Home Berita Utama Sampai Saat Ini, Denda Masker di Lotim Terkumpul Rp12 Juta Lebih

Sampai Saat Ini, Denda Masker di Lotim Terkumpul Rp12 Juta Lebih

Penegakan Perda Masker oleh Tim Gabungan, Kamis (24/09/2020).(Inside Lombok/M.Deni Zarwandi).

Lombok Timur (Inside Lombok) – Sejak dimulainya Razia Yustisi penegakan Perda masker dari tanggal 16 September hingga 24 September 2020, total denda masker yang terkumpul mencapai Rp12 juta lebih. Jumlah itu diperoleh dari 122 orang yang mendapat sanksi denda.

Penerapan sanksi denda hingga saat ini sebanyak 701 pelanggar yang terjaring. Sebanyak 122 pelanggar diberikan sanksi denda, kemudian sanksi sosial sebanyak 528 pelanggar.

Kasatpol PP Lotim, Baiq Farida Afriani mengatakan, total masyarakat yang terjaring dalam Razia Yustisi berjumlah 701 pelanggar. Sebanyak 122 diantaranya mendapat sanksi denda, dan 528 lainnya mendapat sanksi sosial.
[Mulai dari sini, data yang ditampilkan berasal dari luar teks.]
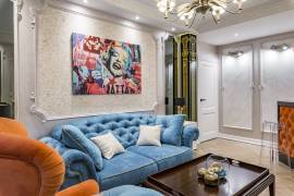 Проект "Клубная классика" стал яркой демонстрацией всех преимуществ декоративной шёлковой штукатурки в сочетании с лепниной и другими декоративными покрытиями. Дизайнеры легко подобрали из большого каталога компании нужный вид, который без проблем подошел к мебели, текстилю и общему концепту оформления помещения. В этот раз дизайнеры выбрали вид из новой коллекции Эколайн коричневого цвета.

Jumlah pelanggar yang mendapatkan sanksi denda jika dirupiahkan mencapai Rp12 juta lebih, terhitung sejak diberlakukannya Perda hingga saat ini.

“Sampai saat ini mungkin sampai Rp12 juta lebih, kemudian dendanya kita serahkan ke Bappenda Provinsi bersama dengan Bappenda Lotim,” ungkap Farida, (24/09/2020).

Dikatakan Farida, sebelum para pelanggar diberikan sanksi, pihaknya bersama dengan tim gabungan terlebih dahulu diberikan pemahaman terkait Perda Masker tersebut. Kemudian diberikan tawaran untuk memilih sanksi denda atau sanksi sosial.

“Kalau sanksi sosial kita berikan hukuman membersihkan tempat umum dengan dikenakan kalung pelanggar. Untuk sanksi denda dikenakan paling bawah Rp100.000. Terkadang mereka malu memilih sanksi sosial dan langsung memilih sanksi denda,” ujar farida.

Kesadaran masyarakat Lotim untuk menggunakan masker saat ini dinilai sudah mulai meningkat. Adapun masyarakat yang kerap terjaring razia adalah masyarakat yang melintas di lokasi tersebut, bukan masyarakat setempat.

“Kemarin kita razia di Peringgasela, yang terjaring itu kebanyakan masyarakat luar, dan kebanyakan anak-anak muda dengan alasan mereka lupa,” tutup Farida.